• _PROBLEM REQUIREMENTS_
The records below need to be repeated exactly, though not their pictures.

• _Data excerpts_
------------------------------------
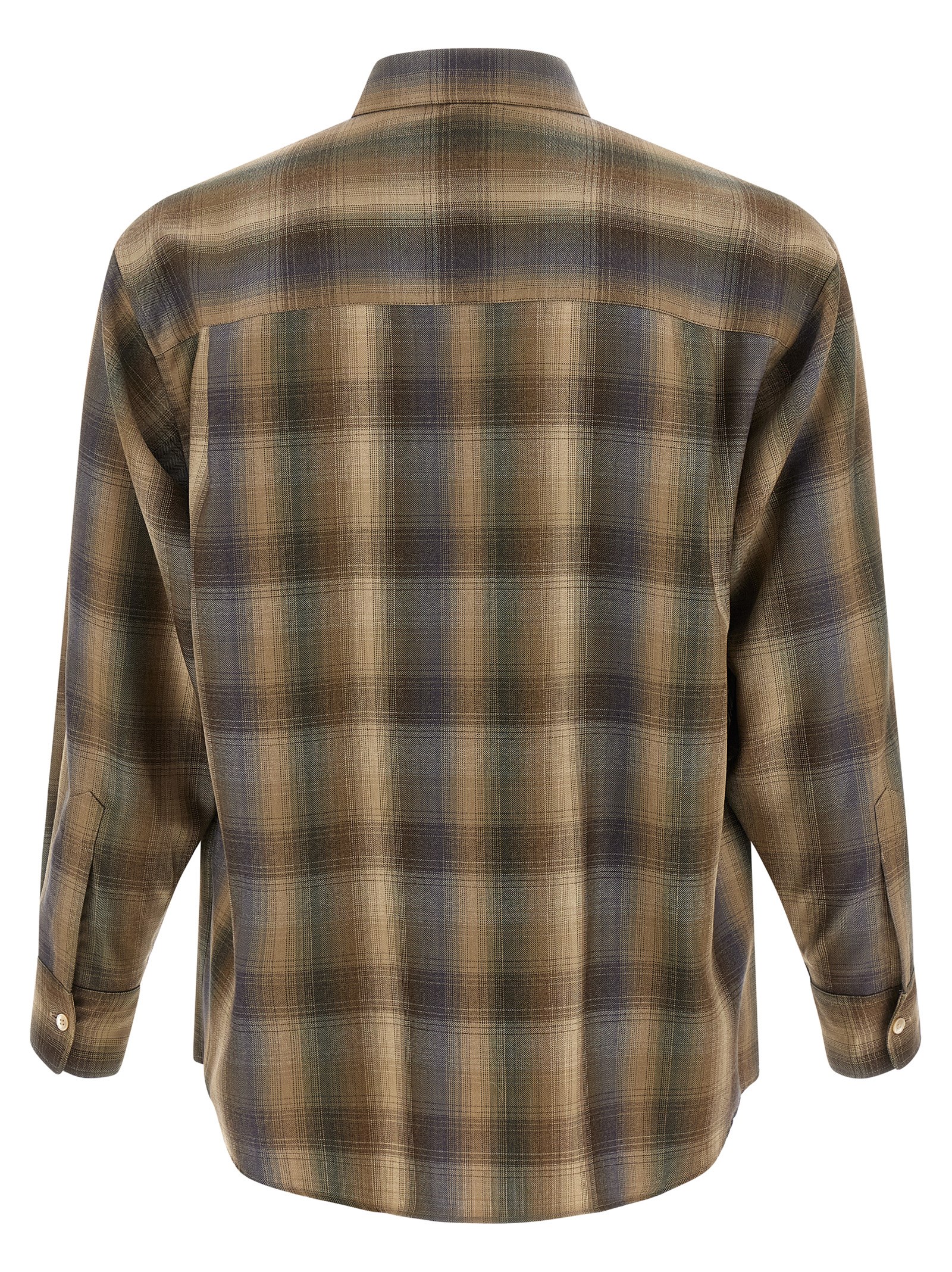 Super 120 ultra-fine combed wool shirt with check pattern, front button closure, breast pocket, long sleeves with cuffs and dropped shoulders.
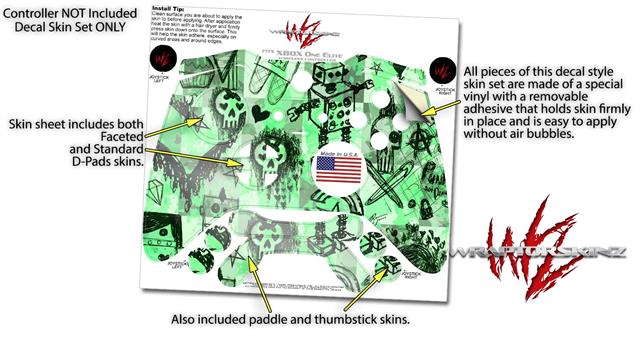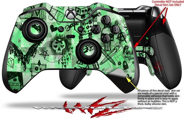 Scene Kid Sketches Green - Decal Style Skin fits Microsoft XBOX One ELITE Wireless Controller
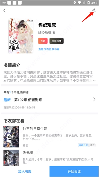 在书籍详情页面,屏幕右上方,点击【分享】按钮。
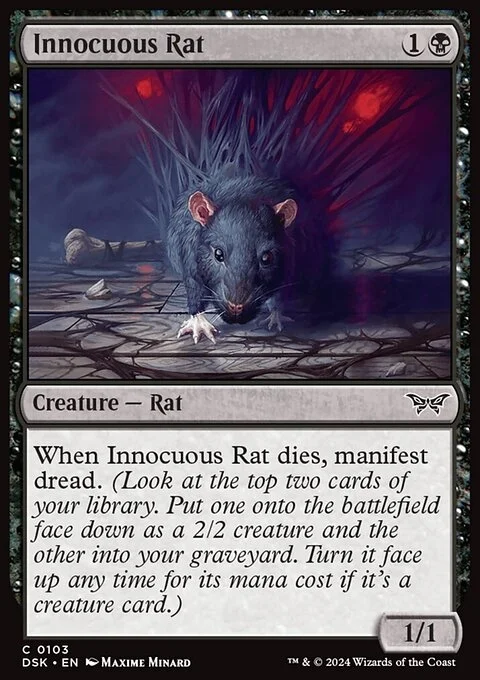When Innocuous Rat dies, manifest dread. (Look at the top two cards of your library. Put one onto the battlefield face down as a 2/2 creature and the other into your graveyard. Turn it face up any time for its mana cost if it's a creature card.)
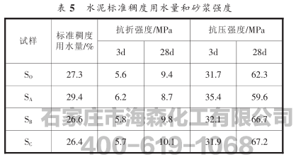 粉磨50min的水泥试样的标准稠度用水量和砂浆强度测试结果见表5。助磨剂的应用影响了水泥标准稠度用水量,其中SB和SC的水泥标准稠度用水量下降,SA水泥标准稠度用水量增加,其原因在于乙二醇使水泥中0~3μm颗粒含量增加到19.14%。相对于不掺加助磨剂的水泥试样,
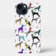 Abstraktes Muster mit bunten Hunden und Pfoten, perfekt für Kinder und Hunde
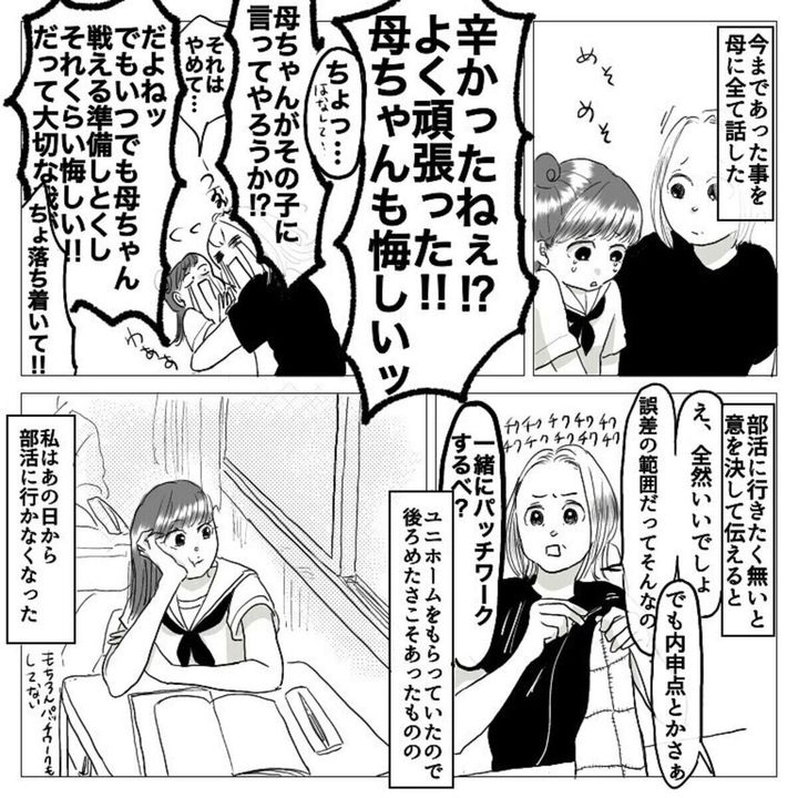 もし、わが子がいじめに遭ったらどうしますか?とても心配ですよね。家での様子もいつもと違っていたり、落ち込んだりしている姿は、誰でも見たくはないでしょう…。今回ご紹介するお話は、芸子(@geiko_tumu)さんの中学生時代を描いた漫画です。友人関係、部活、そしていじめ…。読んでいると、当時の記憶が呼び起こされる方もいるでしょう。そんな、『思い出小話』をダイジェストでご紹介します。どうぞごらんください。
------------------------------------
• _EXERCISE OUTPUT_
 Super 120 ultra-fine combed wool shirt with check pattern, front button closure, breast pocket, long sleeves with cuffs and dropped shoulders.
 Scene Kid Sketches Green - Decal Style Skin fits Microsoft XBOX One ELITE Wireless Controller
 在书籍详情页面,屏幕右上方,点击【分享】按钮。
When Innocuous Rat dies, manifest dread. (Look at the top two cards of your library. Put one onto the battlefield face down as a 2/2 creature and the other into your graveyard. Turn it face up any time for its mana cost if it's a creature card.)
 粉磨50min的水泥试样的标准稠度用水量和砂浆强度测试结果见表5。助磨剂的应用影响了水泥标准稠度用水量,其中SB和SC的水泥标准稠度用水量下降,SA水泥标准稠度用水量增加,其原因在于乙二醇使水泥中0~3μm颗粒含量增加到19.14%。相对于不掺加助磨剂的水泥试样,
 Abstraktes Muster mit bunten Hunden und Pfoten, perfekt für Kinder und Hunde
 もし、わが子がいじめに遭ったらどうしますか?とても心配ですよね。家での様子もいつもと違っていたり、落ち込んだりしている姿は、誰でも見たくはないでしょう…。今回ご紹介するお話は、芸子(@geiko_tumu)さんの中学生時代を描いた漫画です。友人関係、部活、そしていじめ…。読んでいると、当時の記憶が呼び起こされる方もいるでしょう。そんな、『思い出小話』をダイジェストでご紹介します。どうぞごらんください。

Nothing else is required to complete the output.